年間キャッシュフローとは、1年間の家賃収入から修繕費・管理委託費・火災保険料・固定資産税・ローン返済額などの支出すべてを差し引いた金額です。また物件の購入総額には、購入時に必要な手数料や登録免許税なども含みます。
不動産投資でROIを利用すると、レバレッジ効果が分かりやすいというメリットがあります。2つの投資用物件でどちらが儲かるのかを比較したい時に、それぞれのROIを計算してみれば一目瞭然でしょう。
ROIは実質利回りより現実に即した指標
不動産投資の世界では、ROIのほかにもさまざまな指標があります。ROIと似ているものとしては、「実質利回り」が上げられるでしょう。

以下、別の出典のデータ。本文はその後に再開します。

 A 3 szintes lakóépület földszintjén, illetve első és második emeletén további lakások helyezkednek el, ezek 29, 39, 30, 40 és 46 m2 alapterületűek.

ROIと実質利回りでは、どこがどのように違うのでしょうか。それぞれの計算式を見てみましょう。
・ROI 年間キャッシュフロー ÷ 物件の購入総額 × 100
・実質利回り (年間家賃収入 - 年間にかかる諸経費)÷ 物件の購入総額 × 100
実質利回りでは、年間家賃収入から差し引くのは物件の運用にかかった諸経費のみです。投資ローンの返済額は計算に入れません。
ROIでは、ローン返済額や固定資産税なども差し引いた「実際に手元に残るお金」で計算します。そのため、実質利回りより現実に即した指標といってもいいでしょう。

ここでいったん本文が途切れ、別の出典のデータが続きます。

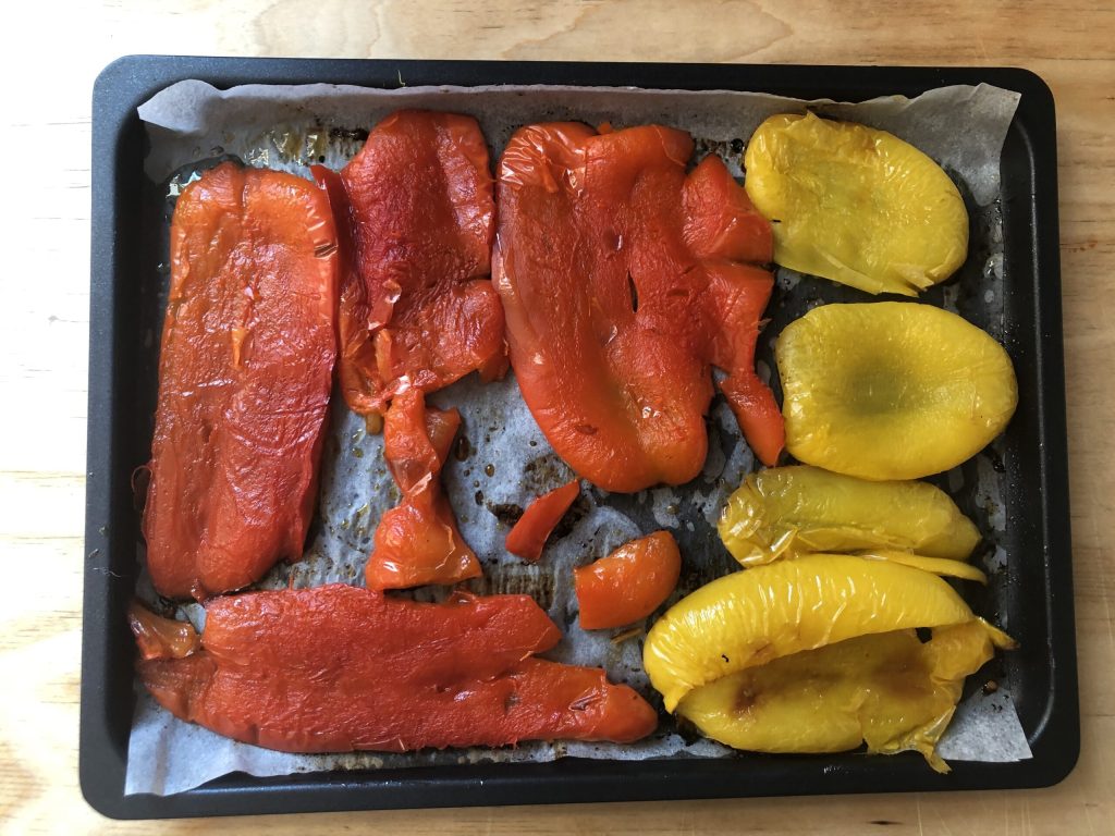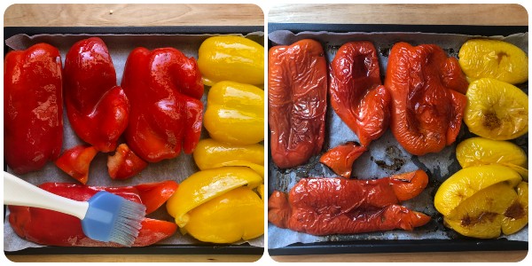 • Les couper ensuite en quartiers et les disposer sur une plaque recouverte de papier sulfurisé. Les badigeonner d’huile et les cuire dans un four préchauffé à 200° jusqu’à ce qu’ils deviennent tendres et que leur peau soit légèrement brûlée. Comptez environ 40/45 minutes.

ただし、いくら現実的な指標といっても、気にしすぎてはいけません。たしかにROIは不動産投資で重要な指標のひとつですが、絶対的なものではないからです。
どれほど魅力的な投資用物件であっても、つねに満室ということはあり得ないでしょう。築年数が経てば、家賃を下げなければ入居者が集まらないといったこともあります。
空室が出る、家賃を値下げするといった状況の変化で、ROIの数値は変わってきます。特に物件の購入前は、利益を想定して計算するしかないので、実際に購入してから「思ったように利益が上がらない」ということも起こります。
投資ローンを変動金利で借りる場合、返済額も一定ではありません。金利が上がって返済額が高くなれば、当然のことながらキャッシュフローは悪化します。
キャッシュフローの変化によって、ROIの数値も変わってきます。ROIは絶対的な指標ではなく、つねに変化することをよく理解した上で、不動産投資の参考にしましょう。